Why PCTS data is not reliable

PCTS only captures the data of those deliveries where women have PCTS IDs. Women without a PCTS ID could still be traced, but only if they are covered in the anganwadi area. There is also a provision to collect delivery data from private delivery institutions, but in the absence of any effective system to deal with non-compliant institutions, private deliveries often remain excluded from the database.

A public health manager in Jaipur disclosed on the condition of anonymity, “Many a times, private hospitals deny us their delivery data. We complain to the health officers but it hardly makes a difference to these institutions. We also have the option of collecting the data from the women in our anganwadi area, too, but the anganwadis don’t cover every woman. For example, my ward has a population of 18,000 persons but the anganwadicovers only 2,500 persons. So, we have no means to capture the data from women outside anganwadi area if the hospitals refuse.”

In addition, the data captured by PCTS has its own flaws. The Wire previously reported that the gender of many children was mistaken in the PCTS and despite several complaints, failed to be rectified.

No special focus on girls’ education under BBBP

Apart from these issues, no special provisions have been made under the scheme to augment girls’ education in Jhunjhunu.

The budget allocation for each district chosen under the BBBP scheme is Rs 50 lakh per annum, of which 50% is targeted on just awareness and not facilities. However, it is not compulsory to utilise the entire budget. 

Also read: In UP’s Chitrakoot, Poor RTE Implementation Leaves School Without Basic Amenities

“For education, the funds are mostly used to felicitate girl students and schools for their outstanding academic performance, to increase their participation in sports and to ensure menstrual hygiene in schools, among a few other things,” Trisha, a consultant working with the Women and Child Development Department in Jaipur, told The Wire.

The staff crunch is the biggest impediment to implementing the scheme, as there is no provision for logistics or appointment of personnel in the guidelines.

The decades-old girls’ education system in Jhunjhunu

The Rs 5 lakh annual budget for education in the district is a mere drop in the ocean. Then how come Jhunjhunu is still able to maintain its education system?

The answer lies in the fact that the Shekhawati region (Sikar, Jhunjhunu and Churu) is home for several big industrialists like Birla, Dalmiya, Piramal and Podar – who established educational institutions in the area to impart quality education to its people, with a special focus on girls.

During the 1960s, government schools in Jhunjhunu were only up to class VIII, beyond which students were required to travel to the district headquarters. Due to inadequate means of transport, girls often had to drop out of school. However, these institutes had reputable hostel facilities for girls and parents used to send their daughters to these hostels way back in the 1970s.

A group of girls waiting for their bus in Jhunjhunu

“Bagar was the education hub of Jhunjhunu since the 1970s. All the women working at good positions in government offices or other sectors have studied from our institute. The alumni regularly come to us to admit their children and grandchildren here,” Anshu Singh, principal of the Piramal Foundation in Bagar, told The Wire.

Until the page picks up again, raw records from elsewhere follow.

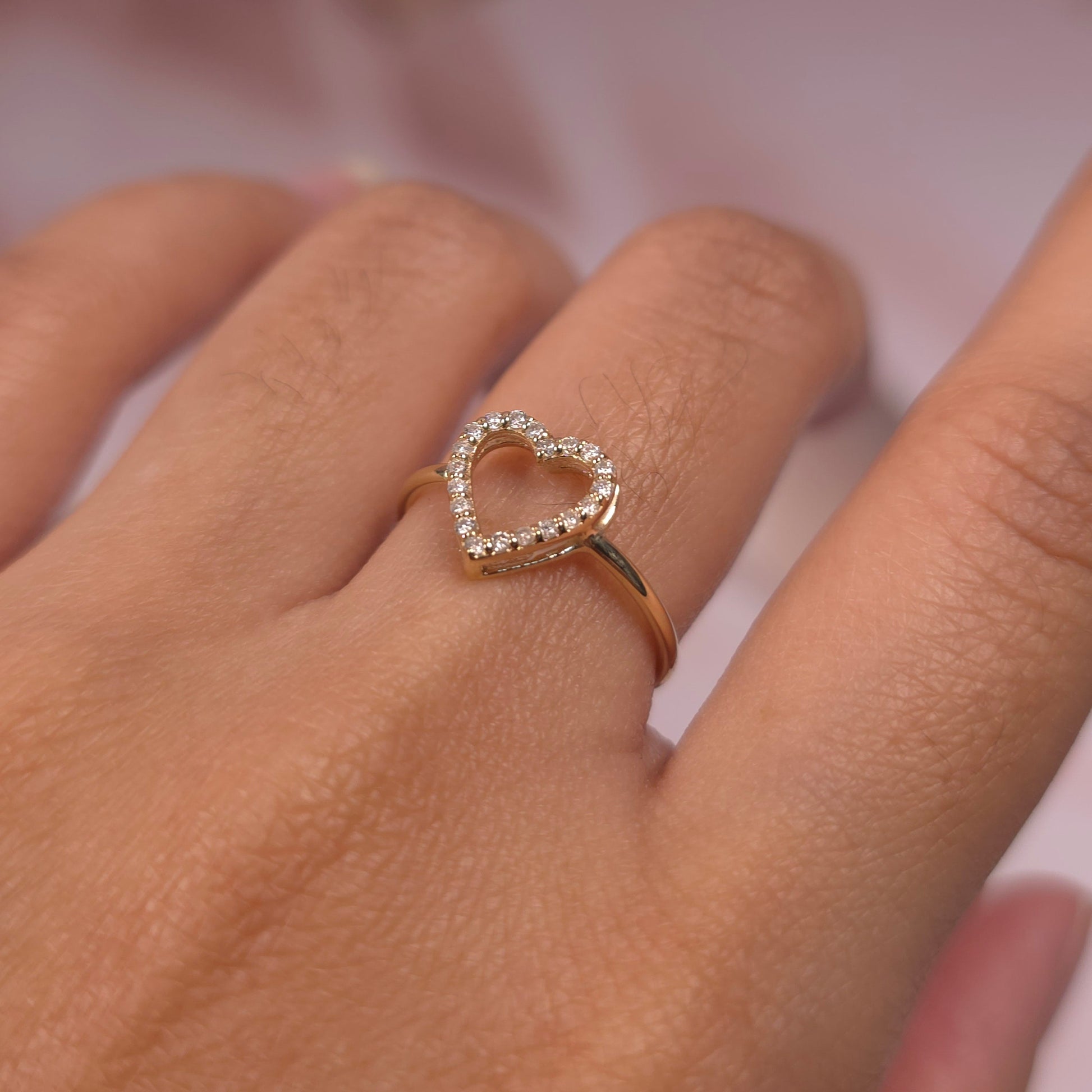 14Kt Gold Genuine Natural Diamond Open Heart Design Ring
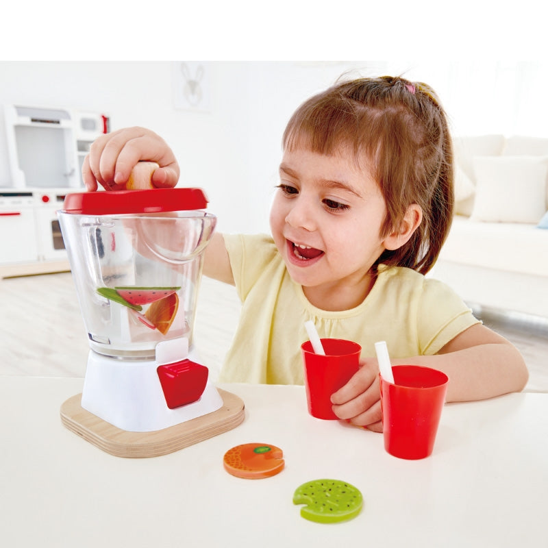 Ce mélangeur à smoothie de Hape est parfait dans la cuisinette de votre enfant. Il vous confectionnera des smoothies frais du jour en trois étapes faciles. Il suffit de mettre les légumes et fruits dans le mélangeur, actionner le mécanisme à l'aide du bouton rouge pour le faire tourner comme un vrai mixeur et verser dans les verres!
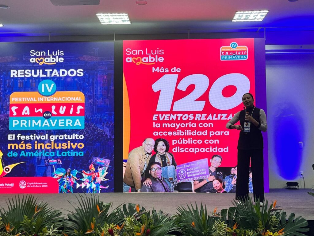 Durante su participación, Claudia Lorena Peralta Antiga, Directora de Turismo Municipal, expuso los casos de éxito implementados en San Luis Capital, especialmente las experiencias de conciertos incluyentes y accesibles realizados en el marco del festival, que han permitido la participación plena de personas con discapacidad.
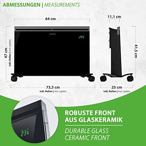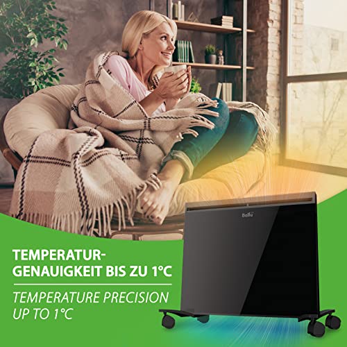 Ballu Plaza - Riscaldamento a convettore elettrico, 1500 W, termoconvettore in vetro, riscaldamento elettrico da parete su ruote, programma settimanale, timer elettrico, convettore
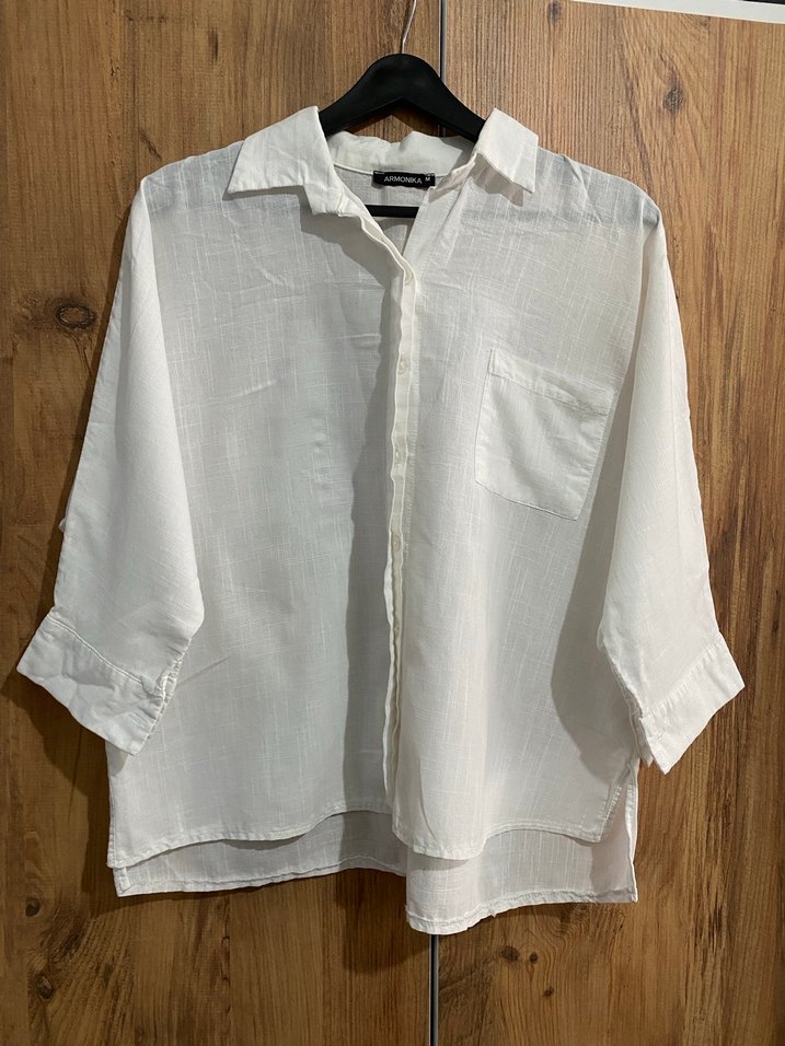 Kadınlar için beyaz keten gömlek, düğmeli ve kısa kolludur. Salaş kesimi, yakalı ve tek cep detaylıdır. Minimalist bohem tarzda, günlük kullanım için uygundur. Üründe hiçbir sorun yoktur az kullanıldı. M beden
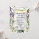 Elegant calla lily celebration of life invitation featuring a gold frame over a floral background of purple flowers, calla lilies, orchids and greenery.
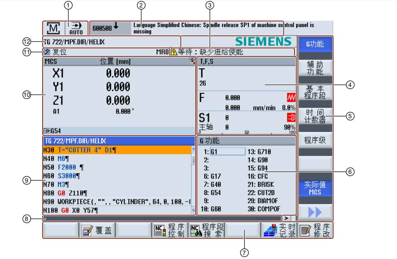 6 顯示 有效 G 功能,所有 G 功能,輔助功能,以及用于不同功能的輸入窗口(例如跳轉(zhuǎn)程序段,程序
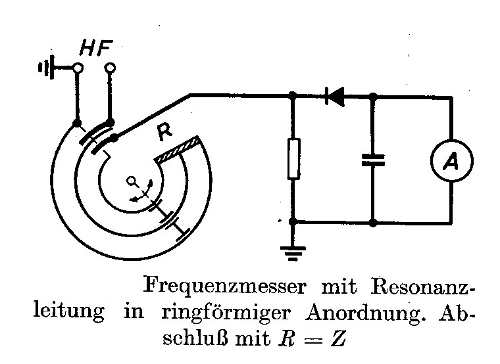 Hab mal in meine langsam wachsende Bibliothek geschaut. Hab folgende Anordnung gefunden für Frequenzen ab 80 MHz. Die Länge des Innenleiters muss über Lambda 0,25 sein von der längsten zu messenden Wellenlänge. Die Strecke vom Eingang bis zur Stelle mit der höchsten Spannung, der Resonanzfrequenz entspricht Lambda 0,25. Es handelt sich der Abbildung um eine gebogene Lecherleitung um Platz zu sparen. Die Güte einer Lecherleitung ist wesentlich höher als die eines L C Kreises und lasst somit genauere Messungen zu.

Saroj, a government teacher in Jhunjhunu who completed her education from the Piramal Institute in Bagar, Jhunjhunu said, “Even my mother, who retired two years ago as a government teacher, had studied from Bagar and that’s the reason why she sent me there… the atmosphere here for girls’ education was always encouraging.”

Decades later, these institutes are still the primary choice for people in the region. The reason for this is the high fees charged by private institutions and the poor quality of education in government schools. 

“If you compare our fee structure with any private institute in Jhunjhunu, you would see the difference. The education here is also better than many private institutes that came up in last few years,” Satyendra Singh, principal of Podar Institute in Nawalgarh, told The Wire.

Government schools for girls, private schools for boys

Today, girls in government schools in Jhunjhunu have visibly outnumbered boys, who are sent to private schools for a better education.

Rekha, a class XI student in a government school in Udaipurwati tehsil of Jhunjhunu, said, “My parents want both their children to study but they could afford to send only one child to a private school. So, my brother goes there and I study in government school. Rest of the subjects here [government school] are still fine but the English taught in private schools is way better.”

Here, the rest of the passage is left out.